WHAT NEEDS TO BE DONE: Retype every entry word for word. Omit the pictures.

RECORDS:
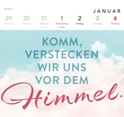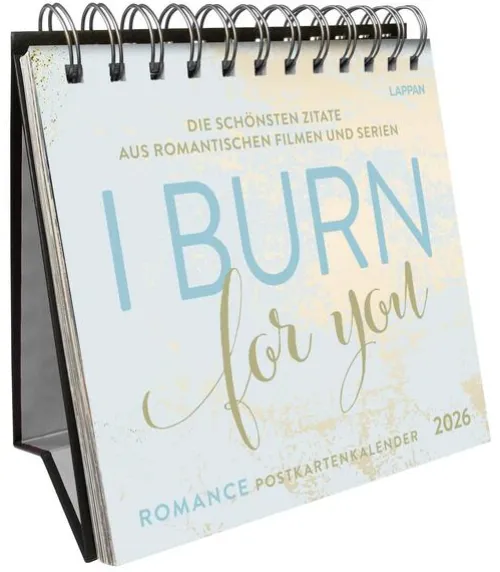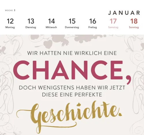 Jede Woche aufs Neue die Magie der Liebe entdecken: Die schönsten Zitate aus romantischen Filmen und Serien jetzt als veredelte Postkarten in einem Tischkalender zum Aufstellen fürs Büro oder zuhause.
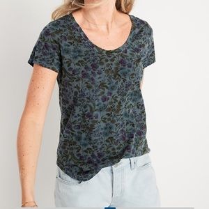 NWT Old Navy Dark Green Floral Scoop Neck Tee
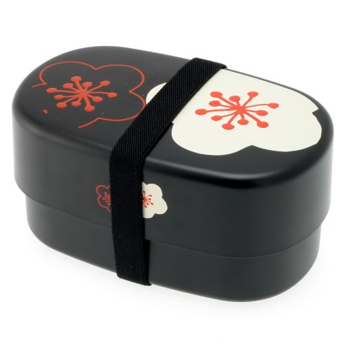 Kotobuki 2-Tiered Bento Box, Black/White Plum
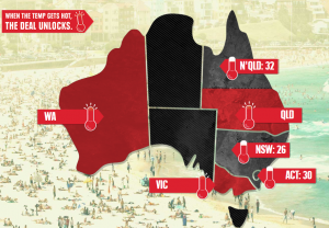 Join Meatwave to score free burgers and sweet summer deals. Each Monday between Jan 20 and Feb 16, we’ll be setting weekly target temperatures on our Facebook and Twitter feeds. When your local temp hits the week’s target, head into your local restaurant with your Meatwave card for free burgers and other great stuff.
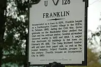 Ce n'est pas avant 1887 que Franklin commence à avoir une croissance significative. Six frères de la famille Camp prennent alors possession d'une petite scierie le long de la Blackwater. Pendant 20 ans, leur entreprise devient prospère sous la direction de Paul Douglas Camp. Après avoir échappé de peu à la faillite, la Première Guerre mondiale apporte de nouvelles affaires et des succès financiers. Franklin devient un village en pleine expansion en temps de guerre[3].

PROBLEM SOLUTION:
 Jede Woche aufs Neue die Magie der Liebe entdecken: Die schönsten Zitate aus romantischen Filmen und Serien jetzt als veredelte Postkarten in einem Tischkalender zum Aufstellen fürs Büro oder zuhause.
 NWT Old Navy Dark Green Floral Scoop Neck Tee
 Kotobuki 2-Tiered Bento Box, Black/White Plum
 Join Meatwave to score free burgers and sweet summer deals. Each Monday between Jan 20 and Feb 16, we’ll be setting weekly target temperatures on our Facebook and Twitter feeds. When your local temp hits the week’s target, head into your local restaurant with your Meatwave card for free burgers and other great stuff.
 Ce n'est pas avant 1887 que Franklin commence à avoir une croissance significative. Six frères de la famille Camp prennent alors possession d'une petite scierie le long de la Blackwater. Pendant 20 ans, leur entreprise devient prospère sous la direction de Paul Douglas Camp. Après avoir échappé de peu à la faillite, la Première Guerre mondiale apporte de nouvelles affaires et des succès financiers. Franklin devient un village en pleine expansion en temps de guerre[3].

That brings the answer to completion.